The company operates a huge asphalt products facility. In 2003, it decided to install six video cameras. In 2007, four additional cameras were installed. The cameras are stationary and do not have a telephoto lens. They capture images allowing the company to monitor the flow of goods in transit, persons entering and exiting the site and the garage operations. The union’s grievance was filed in 2010, seven years after the first video cameras were installed. In the meantime, three collective agreements had been signed between the parties. The video cameras were never an issue during the bargaining sessions. The parties discussed them from time to time, at meetings of the labour relations committee. No employee was ever disciplined as a result of the use of the video cameras, although one employee was criticized for extending his rest and meal breaks. One camera, which had been installed in the employee cafeteria in 2003, was removed because it was of no use to the company’s operations.
The preliminary exception
The employer raised a preliminary exception based on the time elapsed between the installation of the video cameras (2003 and 2007) and the filing of the grievance (2010), which exception was allowed by the arbitrator. The arbitrator justified his decision on the basis that the employees and the union had known of the video cameras’ existence since 2003, the subject having come up for discussion at meetings of the labour relations committee. Moreover, three collective agreements had been signed between the parties since the installation of the video cameras and the union had had three chances to bring the matter up during the bargaining that led to those collective agreements. The arbitrator concluded that the union was now estopped from doing so as a result of its past practice of accepting the cameras over a seven-year period under several collective agreements.
Even though he was not required to make a determination on the merits of the dispute, the arbitrator nevertheless decided to pursue his analysis, in the interest of, in his words, “guiding the workers in their future actions” in the collective bargaining context.

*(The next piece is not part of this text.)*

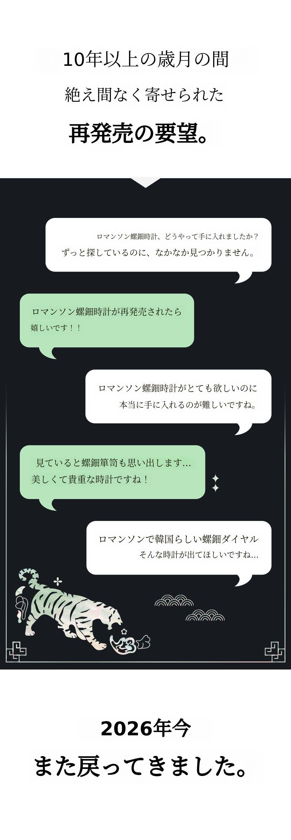 1. ⌚ ロマンソン真珠母時計 - 伝統美を込めた高級な真珠母ダイヤル時計です 2. 🌟 伝統と現代の調和 - 韓国伝統模様と現代デザインの融合です 3. 🎁 限定版単独公開特典 - 50セット限定、割引価格での販売です

The arbitrator found the video cameras to have been installed for operational reasons. The company has a large quantity of very expensive equipment and the video cameras serve to protect the premises and monitor traffic. They monitor the comings and goings of visitors and the equipment on board the trucks circulating on the premises.
As for impairment of the employees’ rights, the arbitrator did not consider their dignity to be compromised or the right to fair and reasonable working conditions protected by section 46 of the Charter to be infringed. In this regard, he stressed that the video cameras afforded a view of the premises as a whole, were not there to anger the workers and were never used to discipline an employee for his behaviour. However, the arbitrator noted that his decision might have been different if a video camera were installed at a specific workstation, at a specific location for the purposes of filming an employee on a continuous basis.
On the subject of the right to privacy, the arbitrator considered that an employee “who goes around the garage repairing equipment is no longer really in the private sphere inasmuch as he is seen by his co-workers and foreman.” The right to privacy would nevertheless be infringed if the video cameras were directed at a particular workstation or employee.
This decision highlights the possibility of an employer making an argument in defence against a grievance based on the union’s lack of action and the passage of time. In this case the arbitrator dismissed the grievance basically because too much time had elapsed between the initiative taken by the employer and the action taken by the union to dispute it. On the merits of the case, the arbitrator was of the view that the existence of video cameras in a place of business does not violate the employees’ rights and freedoms where the employer is able to clearly establish that they are justified for reasons that are strictly operational in nature. Of course, the justification and the need to use cameras for the protection of persons and property are subject to the arbitrator’s assessment.